We agree with Dr. Kempen that further study should be performed to examine the relative risks and benefits of staging very prolonged spine surgery with expected high blood loss, as we noted on pages 22 and 23 of our article.1 The supposition that this injury may reflect the coincidental occurrence of spontaneously occurring ION in a general nonsurgical population is not supported by national incidence data. Data from the Nationwide Inpatient Sample published by Shen et al. demonstrates a greatly increased odds ratio of 6.96 for developing ION in spinal fusion surgery compared with the referent abdominal surgery.2 Its occurrence in children and relatively healthy adults after spinal fusion surgery is not consistent with the high incidence of atherosclerotic risk factors found in the subpopulation of nonsurgical patients who develop nonarteric anterior ION.3 In addition, the high percentage of cases with bilateral profound loss of vision in perioperative ION is not consistent with the clinical course of nonarteritic anterior ION, which typically presents with unilateral disease with less severe loss of vision.

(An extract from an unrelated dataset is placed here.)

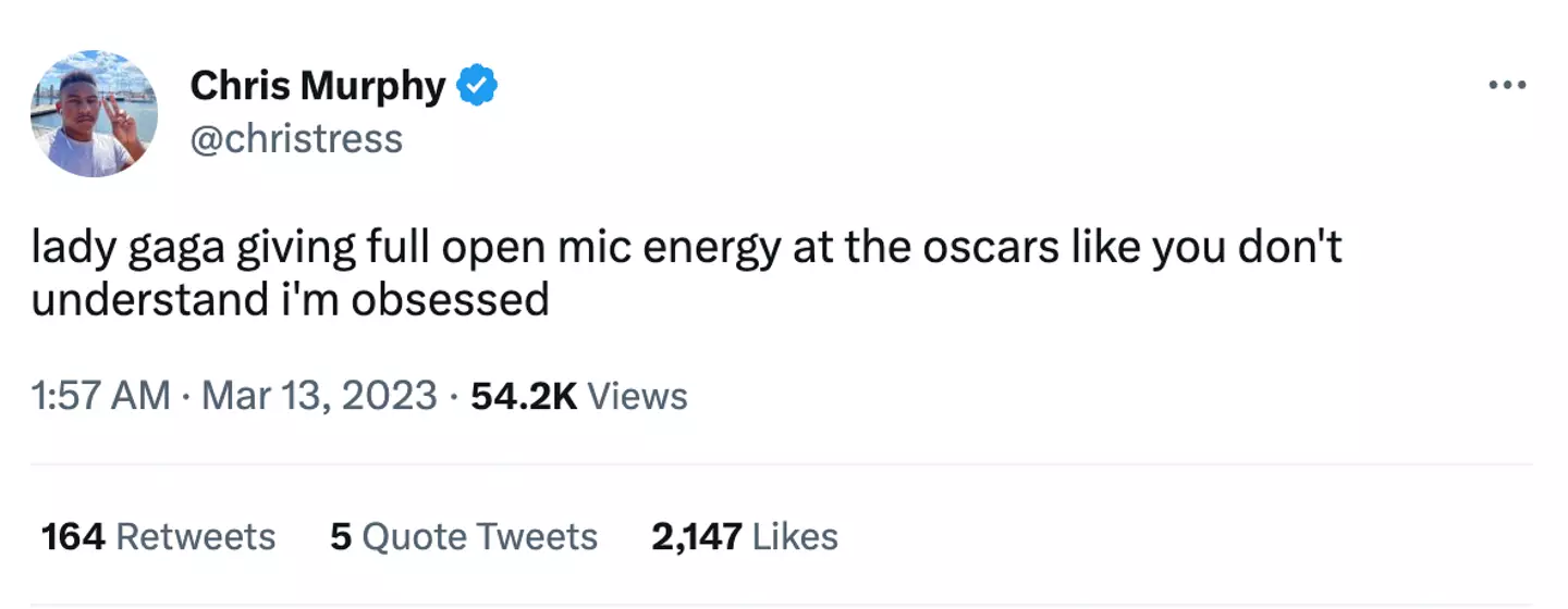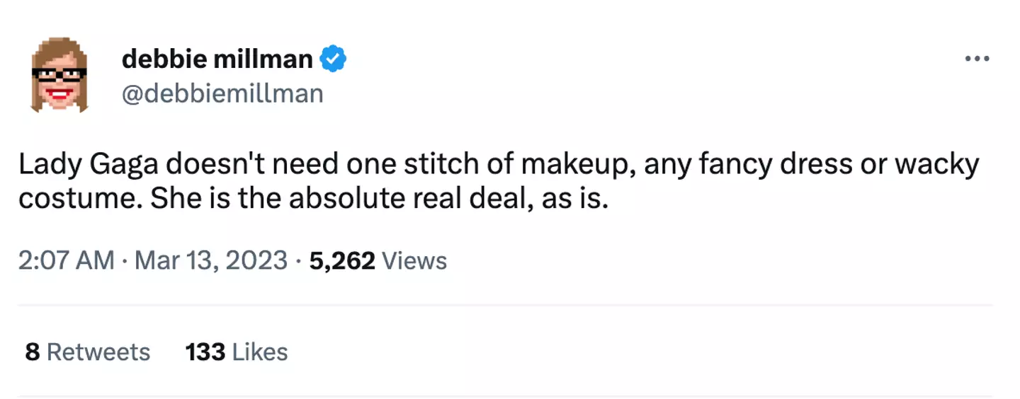 "I wonder how many people in the audience envied Lady Gaga for taking all the makeup, drip, and excess off for the performance and being so comfortable on stage," one person said.

Lastly, we also considered the possibility, like Dr. Kempen, that vasopressors may be a contributory factor in the development of ION. We did not find a significant association with vasopressor use in the univariate analysis, as noted in table 1 on page 18 of our article.1
Dr. Raw offers the interesting hypothesis that perioperative inflammation may contribute to the development of ION after spinal fusion surgery. Given the low incidence of perioperative ION, it may prove difficult to examine this hypothesis with prospective studies. Dr. Raw also notes that increased plasma homocysteine levels and lower vitamin B6 levels are independently associated with the occurrence of nonarteric anterior ION in the nonsurgical population. For this reason, nitrous oxide could play a contributory role. In our 2006 study, less than one-quarter of the 83 patients with ION after spinal fusion received nitrous oxide, making it unlikely that nitrous oxide administration is an important factor in perioperative ION.4 But a systemic inflammatory syndrome may result from prolonged, complex surgery, and the notion that inflammation is a pathogenic factor in axonal injury or brain injury is supported by experimental studies in animals.5,6
We appreciate Dr. Larson's continued interest in perioperative ION and his efforts to provide precise limitations on the amount of crystalloid (40 ml/kg) administered. We remain curious about the 40 ml/kg crystalloid limit. It is not clear if he is encouraging a practice of intentional hypovolemia, or if he is advocating the use of colloid along with crystalloid to maintain euvolemia, as recommended in the American Society of Anesthesiologists' practice advisory.7 The former practice of intentional hypovolemia in these cases with large blood loss and prolonged duration would subject patients to a high potential for end organ ischemia, or ultimately, cardiovascular collapse. The latter practice of using colloids along with crystalloids may reduce the incidence of ION, as suggested by the results of our multicenter case-control study. However, our studies and understanding of the current literature do not suggest that a specific limit to crystalloid administration, such as 40 ml/kg, will prevent perioperative ION. Of note, the mean crystalloid infusion for the control patients in our study was 4.6 l ± 2.3 l, well above Dr. Larson's limit of 40 ml/kg for most patients. The highest amount of crystalloid infused in a control patient was more than 18 l. Conversely, crystalloid limitation did not protect all patients from ION, as the lowest amount of crystalloid infused in an ION case was 2.2 l. Based on our observations, we do not believe that the 40 ml/kg crystalloid limit prevents ION, nor does it help predict those who might develop ION. Dr. Larson's supposition that the increased risk of ION seen in men was because men received more crystalloid than women was not supported by our data. There were no significant differences in the amount of crystalloid received between men and women, either in cases or controls.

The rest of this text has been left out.